Interpreting Data Insights

Baseline Comparison and Randomization Assessment

• Compare descriptive statistics between treatment and control groups:
  • Assess effectiveness of randomization in experimental designs
  • Identify potential sources of selection bias in quasi-experimental studies
• Examine key demographic and socioeconomic variables:
  • Age, gender, education level, income (Ensure groups are balanced at baseline)
  • Flag significant differences that may affect interpretation of results
• Visualize baseline distributions for important variables:
  • Use overlaid histograms or density plots to compare groups
  • Identify any systematic differences that may threaten internal validity

Outcome Analysis and Impact Visualization

• Track changes in outcome variables over time:
  • Compare pre- and post-intervention measurements
  • Use time series plots to visualize trends (Monthly income levels before and after job training program)
• Employ box plots and violin plots for distribution comparisons:
  • Highlight differences in central tendency and spread between groups
  • Identify potential heterogeneity in treatment effects (Test score distributions for different teaching methods)
• Create scatter plots with regression lines to illustrate relationships:
  • Program intensity or duration vs outcome variables
  • Reveal potential dose-response effects (Hours of tutoring vs improvement in grades)

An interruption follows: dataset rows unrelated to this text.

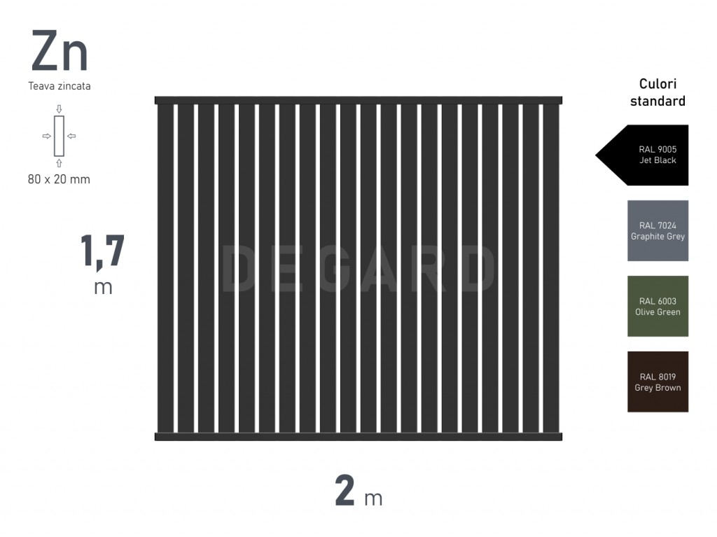 Construcția este realizată din țeavă profilată zincată, ceea ce garantează o rezistență ridicată și o excelentă protecție împotriva coroziunii. Lamelele verticale din profil 80×20 mm creează un ritm vizual expresiv și asigură un echilibru între intimitate și lejeritate vizuală, iar elementele orizontale ranforsate de 40×40 mm conferă rigiditate și stabilitate întregii structuri.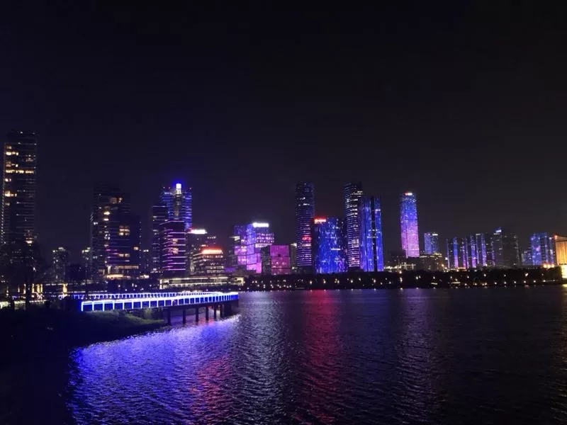 推荐理由:周边视野开阔,基本能将灯光秀全景收入眼底,水中光影别有一番美感。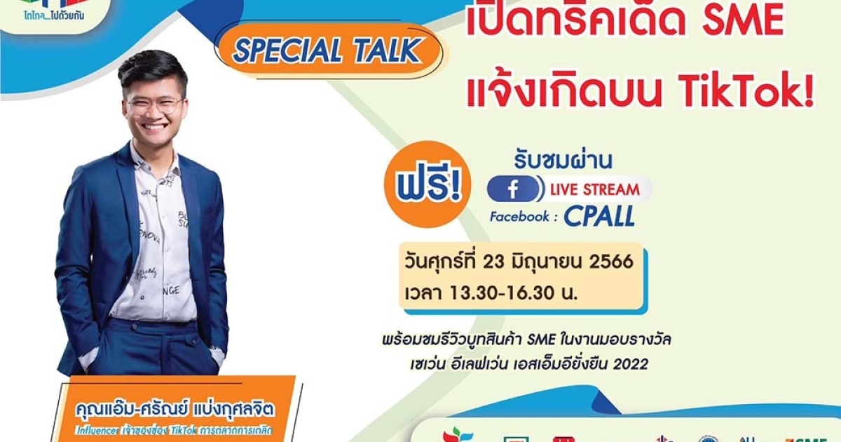 พร้อมเชิญร่วมอัพเดทเทคนิคการทำตลาดผ่านช่องทาง TikTok ในหัวข้อ 'เปิดทริคเด็ด SME แจ้งเกิดบน TikTok' กับ Influencer ชื่อดัง แอ๊ม-ศรัณย์ แบ่งกุศลจิต เจ้าของช่อง TikTok การตลาดการเตลิด ที่จะมาแชร์กลยุทธ์และเทคนิคแบบหมดเปลือก ผ่านช่องทาง Facebook Live CPALL ในวันศุกร์ที่ 23 มิถุนายน 2566 เวลา 13.30-16.30 น.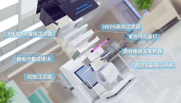 相关负责人告知笔者:如果对澳蓝这款空气消毒机进行过滤系统的拆解,那么你会发现,它使用了多级净化构造,包括初效过滤器、高频电磁波发射器、紫外线杀菌灯、静电场集成模块、活性炭+光催化过滤器以及HEPA高效过滤器。澳蓝采用的是高频发射器、高压静电集尘模块结合等离子发生器来实现颗粒污染物(病毒)的灭杀,并且在技术上已经可以做到无需更换耗材,无滤网设计,无需手动清洁,大幅减少了后期的使用成本。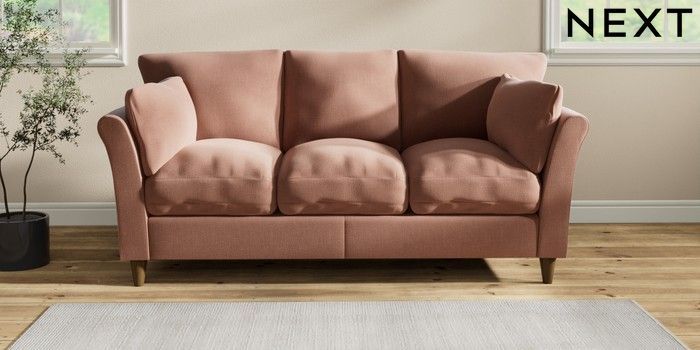 7.2.10 Hartley Relaxed Sit 3 Cushion 3 Seater Sofa Relaxed Linen Look Light Rust Brown Low Conical - Mid | Made Click here to use our website with more accessibility support, for example screen readers

Subgroup Analysis and Heterogeneous Effects

• Conduct descriptive statistics for different subgroups:
  • Analyze outcomes by demographic categories (Age groups, gender, socioeconomic status)
  • Identify potential heterogeneous treatment effects
• Visualize subgroup differences using faceted or grouped plots:
  • Create separate visualizations for each subgroup
  • Use color-coding to distinguish subgroups within a single plot
• Interpret subgroup findings cautiously:
  • Consider sample size limitations for smaller subgroups
  • Be aware of multiple comparisons problem when testing many subgroups

Identifying Outliers and Patterns

Statistical Methods for Outlier Detection

• Use z-scores to identify extreme values:
  • Calculate z-score = (x - μ) / σ
  • Flag data points with |z| > 3 as potential outliers (Extreme test scores in a class)
• Apply Interquartile Range (IQR) method:
  • Calculate IQR = Q3 - Q1
  • Identify outliers as points < Q1 - 1.5IQR or > Q3 + 1.5IQR (Detecting unusual home prices in a neighborhood)
• Employ Median Absolute Deviation (MAD) for robust outlier detection:
  • Less sensitive to extreme values than z-scores
  • Useful for skewed distributions (Identifying anomalous network traffic patterns)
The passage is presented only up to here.